Prompt.
Beginning at the top of the entries below, retype each line exactly until the line containing "蓝属性强化会对装备已有的蓝属" has been written out; include no pictures and no later lines.

Records provided.

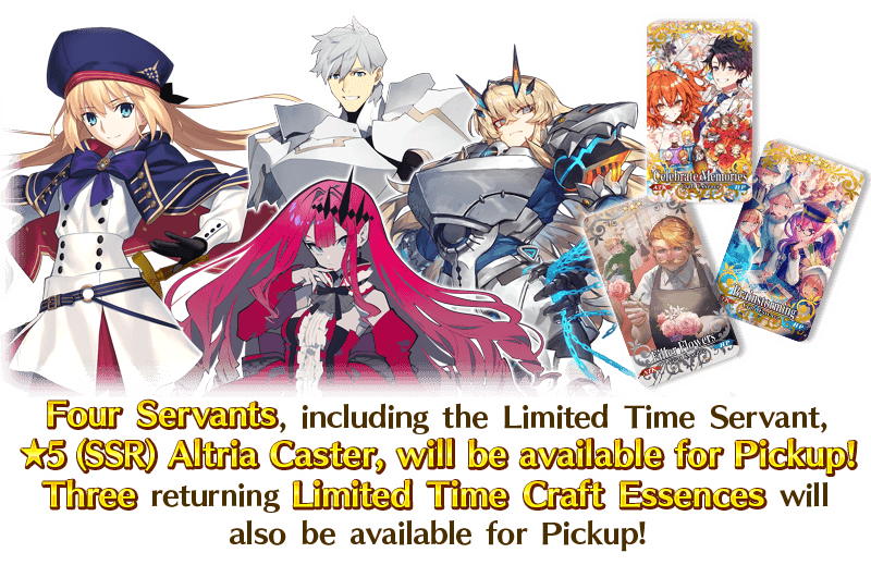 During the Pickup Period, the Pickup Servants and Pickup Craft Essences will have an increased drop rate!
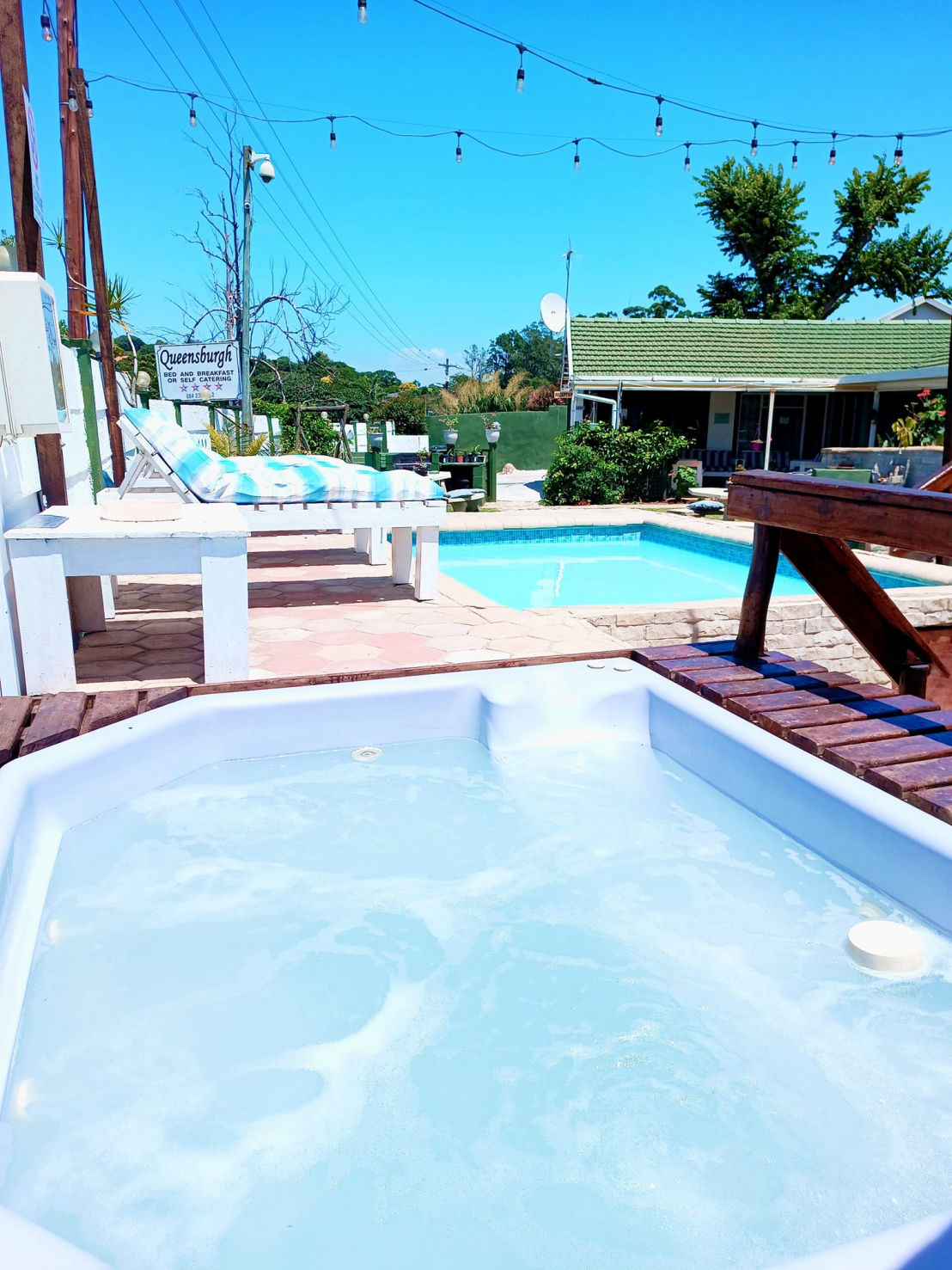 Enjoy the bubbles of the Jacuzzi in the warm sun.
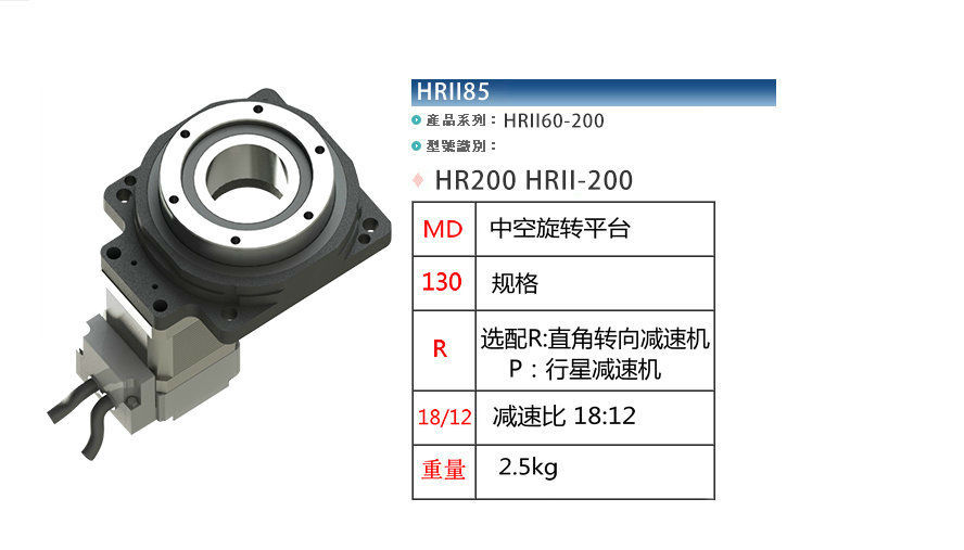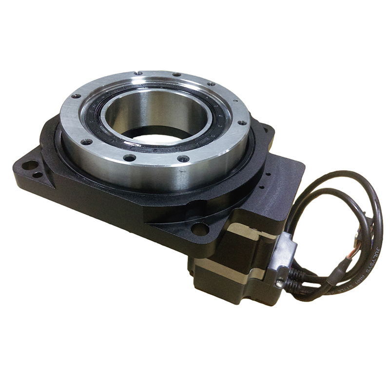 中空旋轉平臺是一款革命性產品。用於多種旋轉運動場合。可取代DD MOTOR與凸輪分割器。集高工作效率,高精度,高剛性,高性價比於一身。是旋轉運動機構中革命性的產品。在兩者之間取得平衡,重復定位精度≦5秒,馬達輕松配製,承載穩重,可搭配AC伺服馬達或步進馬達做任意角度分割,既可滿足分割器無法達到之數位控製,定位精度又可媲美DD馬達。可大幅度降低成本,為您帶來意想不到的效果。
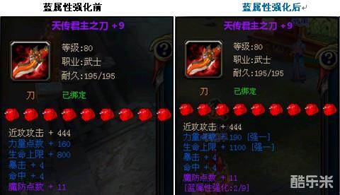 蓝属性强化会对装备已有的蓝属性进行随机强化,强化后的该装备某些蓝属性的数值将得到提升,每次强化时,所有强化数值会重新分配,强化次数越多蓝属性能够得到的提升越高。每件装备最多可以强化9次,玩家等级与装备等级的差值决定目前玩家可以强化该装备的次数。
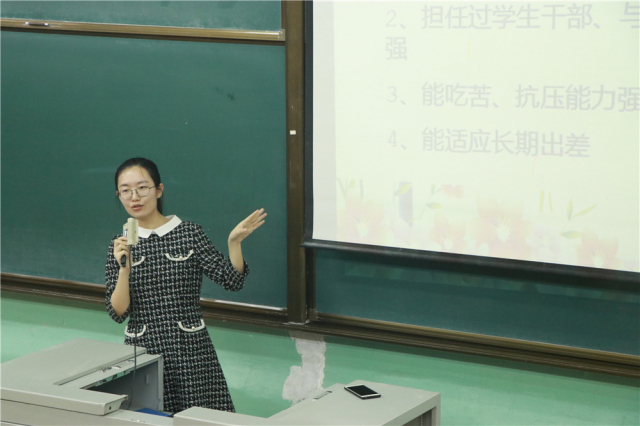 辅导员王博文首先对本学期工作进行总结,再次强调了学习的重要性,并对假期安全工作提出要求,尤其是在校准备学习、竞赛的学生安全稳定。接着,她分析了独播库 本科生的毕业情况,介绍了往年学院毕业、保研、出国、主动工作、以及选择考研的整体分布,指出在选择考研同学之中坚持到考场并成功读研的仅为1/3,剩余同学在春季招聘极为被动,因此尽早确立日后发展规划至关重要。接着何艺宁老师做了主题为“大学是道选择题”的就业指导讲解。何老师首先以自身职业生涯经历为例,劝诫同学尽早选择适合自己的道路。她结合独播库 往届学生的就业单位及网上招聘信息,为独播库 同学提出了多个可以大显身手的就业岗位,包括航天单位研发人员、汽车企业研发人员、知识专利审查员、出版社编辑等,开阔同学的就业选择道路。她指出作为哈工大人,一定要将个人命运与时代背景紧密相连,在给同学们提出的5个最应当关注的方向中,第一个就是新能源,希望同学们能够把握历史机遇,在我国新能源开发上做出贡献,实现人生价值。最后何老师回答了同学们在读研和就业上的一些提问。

Task output.
 During the Pickup Period, the Pickup Servants and Pickup Craft Essences will have an increased drop rate!
 Enjoy the bubbles of the Jacuzzi in the warm sun.
 中空旋轉平臺是一款革命性產品。用於多種旋轉運動場合。可取代DD MOTOR與凸輪分割器。集高工作效率,高精度,高剛性,高性價比於一身。是旋轉運動機構中革命性的產品。在兩者之間取得平衡,重復定位精度≦5秒,馬達輕松配製,承載穩重,可搭配AC伺服馬達或步進馬達做任意角度分割,既可滿足分割器無法達到之數位控製,定位精度又可媲美DD馬達。可大幅度降低成本,為您帶來意想不到的效果。
 蓝属性强化会对装备已有的蓝属性进行随机强化,强化后的该装备某些蓝属性的数值将得到提升,每次强化时,所有强化数值会重新分配,强化次数越多蓝属性能够得到的提升越高。每件装备最多可以强化9次,玩家等级与装备等级的差值决定目前玩家可以强化该装备的次数。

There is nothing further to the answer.